Framework for a gold backed payment card established

RBZ has managed to set up a framework for using a gold-backed payment card after successfully testing the technology with banks, it has emerged.

THE Reserve Bank of Zimbabwe (RBZ) has managed to set up a framework for using a gold-backed payment card after successfully testing the technology with banks, it has emerged.

RBZ governor John Mangudya revealed in July last year that the apex bank was considering gold VISA cards.

He said the introduction of these cards, was dependent on the uptake of the gold coins.

A well-placed source at the RBZ told Standardbusiness that the framework had been made with testing already done.

“Yes. After the release of the gold tokens, the Reserve Bank began to work on the gold cards,” the source said.

“What they did was to approach the banks and ask them to establish a payment system based on the current real-time gross settlement system to create the framework necessary to allow for the usage of a card.

“The card would represent either a gold coin or token.

“The system is in place, and they had a beta system launched which showed it was working.

“I think, should other banks come on board, specifically, the foreign-owned banks and large local banks, using these gold-backed cards could be done as early as September.”

The source said that the cards, at least for now, would only be used locally as there are a lot of international requirements when using payment cards outside the country.

“When you are using Visa or MasterCard outside the country the reason why you can withdraw is because that ATM (automated teller machine) would be funded. Who would fund this gold-backed card?

“So, the usage of these cards needs more approvals and the cooperation of the foreign banks to be used internationally,” the source said.

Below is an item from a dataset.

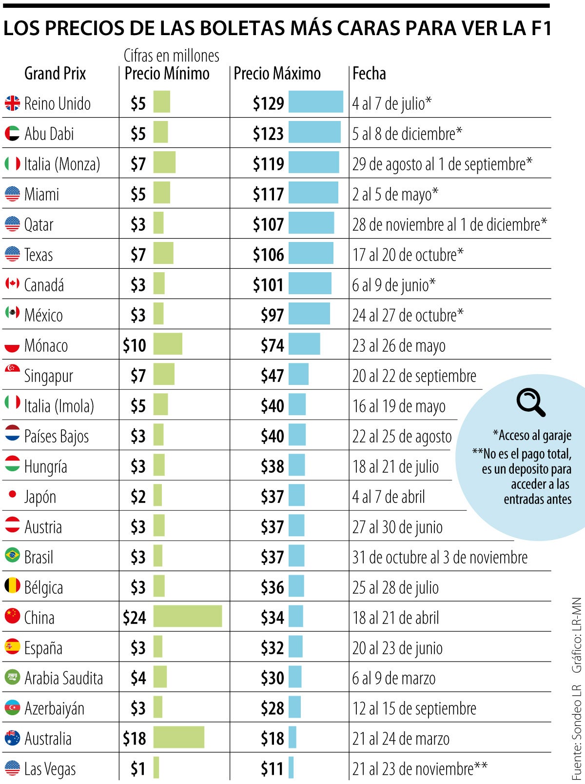 Los precios más económicos y más altos de la Fórmula 1.
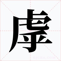 “虖” 字共有 11 画,拼音:hū,注音:ㄏㄨ,部首:虍,笔画数:11 画,字体结构:左上包围结构,五行:木,五笔:HATH,Unicode编码:U+8656,郑码:IHMU,仓颉:YPHFD,“虖”字笔顺为:丨一フノ一フノ丶ノ一丨

The cards will take pressure off the local currency for local transactions, the insider revealed.

In May, the RBZ introduced gold-backed tokens into the market to further support the mopping up of excess local currency liquidity circulating in the market.

As of July 20, 325,02 kilogrammes of the gold tokens had been purchased valued at US$20,34 million using current prices for the yellow mineral.

The gold coins and tokens were introduced after the local currency lost over 700% of its value this year against the greenback resulting in the authorities being forced to print money.

However, without the necessary economic growth to support this printing, it meant the loss in value of the Zimbabwe dollar.

Thus, gold coins were meant to mop up the excess liquidity to prevent the local currency from depreciating.

These measures have seen the local currency gain at least 30% of its value, against the greenback, since the middle of last month to date.

Following a Monetary Policy Committee (MPC) meeting last Friday, Mangudya said the measures put in place had resulted in month-on-month inflation, which peaked at 74,5% in June 2023, falling to minus 15,3% in July 2023.

Mangudya said the annual inflation rate fell from 175,8% in June 2023 to 101,3% in July 2023.

“In view of the current positive inflation and exchange rate developments, the MPC resolved to stay the course of the current tight monetary policy stance and allow time for the current measures to take the full course of their impact on the dual currency economy,” he said.

“The MPC is strongly committed to remaining watchful of any potential shocks and putting in place appropriate safeguard measures to ensure that the economy remains on track to achieving price and exchange rate stability to support the strong economic fundamentals.”

Mangudya said the MPC would continue to review monetary policy measures on a regular basis in line with month-on-month inflation developments and monetary conditions.